[SOURCE MATERIAL Boundary: Start]
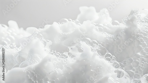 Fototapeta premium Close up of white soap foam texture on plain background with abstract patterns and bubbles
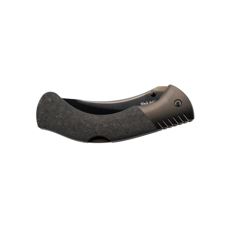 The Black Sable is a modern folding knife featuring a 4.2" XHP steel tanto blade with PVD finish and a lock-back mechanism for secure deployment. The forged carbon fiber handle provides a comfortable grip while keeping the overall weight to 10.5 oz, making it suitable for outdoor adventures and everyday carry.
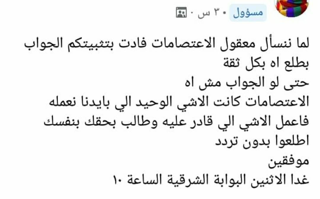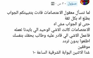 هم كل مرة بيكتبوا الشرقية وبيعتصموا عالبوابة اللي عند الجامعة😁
[SOURCE MATERIAL Boundary: End]
[SOURCE MATERIAL Boundary: Start]
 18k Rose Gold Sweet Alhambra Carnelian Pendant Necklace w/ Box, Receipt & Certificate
[SOURCE MATERIAL Boundary: End]
Transcribe only the lines above that start at the line containing "Fototapeta premium Close" and end at the line containing "هم كل مرة بيكتبوا". Omit pictures.

 Fototapeta premium Close up of white soap foam texture on plain background with abstract patterns and bubbles
 The Black Sable is a modern folding knife featuring a 4.2" XHP steel tanto blade with PVD finish and a lock-back mechanism for secure deployment. The forged carbon fiber handle provides a comfortable grip while keeping the overall weight to 10.5 oz, making it suitable for outdoor adventures and everyday carry.
 هم كل مرة بيكتبوا الشرقية وبيعتصموا عالبوابة اللي عند الجامعة😁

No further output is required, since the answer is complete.